Jetzt zu meiner eigentlichen Frage. Wie muss ich die Werte in der my.cnf ändern, damit ich optimale Werte für meinen Server habe?

Der Mysql-Server wird stark beansprucht. Es werden vor allem Update, Insert und Select Anfragen gestellt. Insert Anfragen werden häufig mit Order und Group sowie Left Joins (fast jede Select Anfrage hat einen Left Join) ausgeführt.

Ich weis auch, dass es Beispiel Dateien gibt (my_huge.cnf ...) aber die haben für mich irgendwie nicht so richtig gepasst.


----------



## XChris (7. Mai 2004)

Um dies wirklich _gut_ zu tun, müßte man Deine DB Struktur kennen und die häufigsten Abfragen. Ausserdem den verwendeten Tabellentyp und die Mächtigkeit der Tabellen.

Chris


----------



## MichaelWi (7. Mai 2004)

"Der Mysql-Server wird stark beansprucht. Es werden vor allem Update, Insert und Select Anfragen gestellt. Insert Anfragen werden häufig mit Order und Group sowie Left Joins (fast jede Select Anfrage hat einen Left Join) ausgeführt."
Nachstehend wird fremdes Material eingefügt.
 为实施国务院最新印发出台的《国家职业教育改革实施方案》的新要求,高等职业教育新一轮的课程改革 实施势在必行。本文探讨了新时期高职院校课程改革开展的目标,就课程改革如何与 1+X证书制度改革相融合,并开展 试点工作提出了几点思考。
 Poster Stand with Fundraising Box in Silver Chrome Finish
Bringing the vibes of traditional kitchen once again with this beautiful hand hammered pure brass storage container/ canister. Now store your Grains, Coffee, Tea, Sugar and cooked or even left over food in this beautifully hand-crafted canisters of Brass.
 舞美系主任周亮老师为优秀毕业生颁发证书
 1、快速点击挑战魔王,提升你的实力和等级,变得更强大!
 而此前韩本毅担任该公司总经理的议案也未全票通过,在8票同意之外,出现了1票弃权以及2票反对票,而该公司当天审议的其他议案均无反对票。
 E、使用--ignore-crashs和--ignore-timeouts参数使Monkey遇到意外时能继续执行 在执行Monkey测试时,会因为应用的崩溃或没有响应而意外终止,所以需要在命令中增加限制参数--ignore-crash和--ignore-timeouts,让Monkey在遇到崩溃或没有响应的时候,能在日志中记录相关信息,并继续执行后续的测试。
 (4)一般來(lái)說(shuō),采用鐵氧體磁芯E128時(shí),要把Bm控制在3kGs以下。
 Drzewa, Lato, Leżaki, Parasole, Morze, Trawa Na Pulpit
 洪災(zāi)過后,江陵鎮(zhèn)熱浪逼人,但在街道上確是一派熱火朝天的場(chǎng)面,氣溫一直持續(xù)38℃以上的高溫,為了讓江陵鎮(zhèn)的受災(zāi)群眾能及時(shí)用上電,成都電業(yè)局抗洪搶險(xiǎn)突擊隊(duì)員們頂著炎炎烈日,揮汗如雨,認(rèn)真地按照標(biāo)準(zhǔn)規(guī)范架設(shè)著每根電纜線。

Meine Tabellen haben immer eine id die im INT-Format gespeichert wird. Zahlen werden grundsätzlich als INT gespreichert, die länge der Zeile liegt z´wischen 5 und 9. Kurze Datensätze wie E-Mails, Überschriften werden als Varchar (70) abgespeichert. Und lange Texte als Text.


----------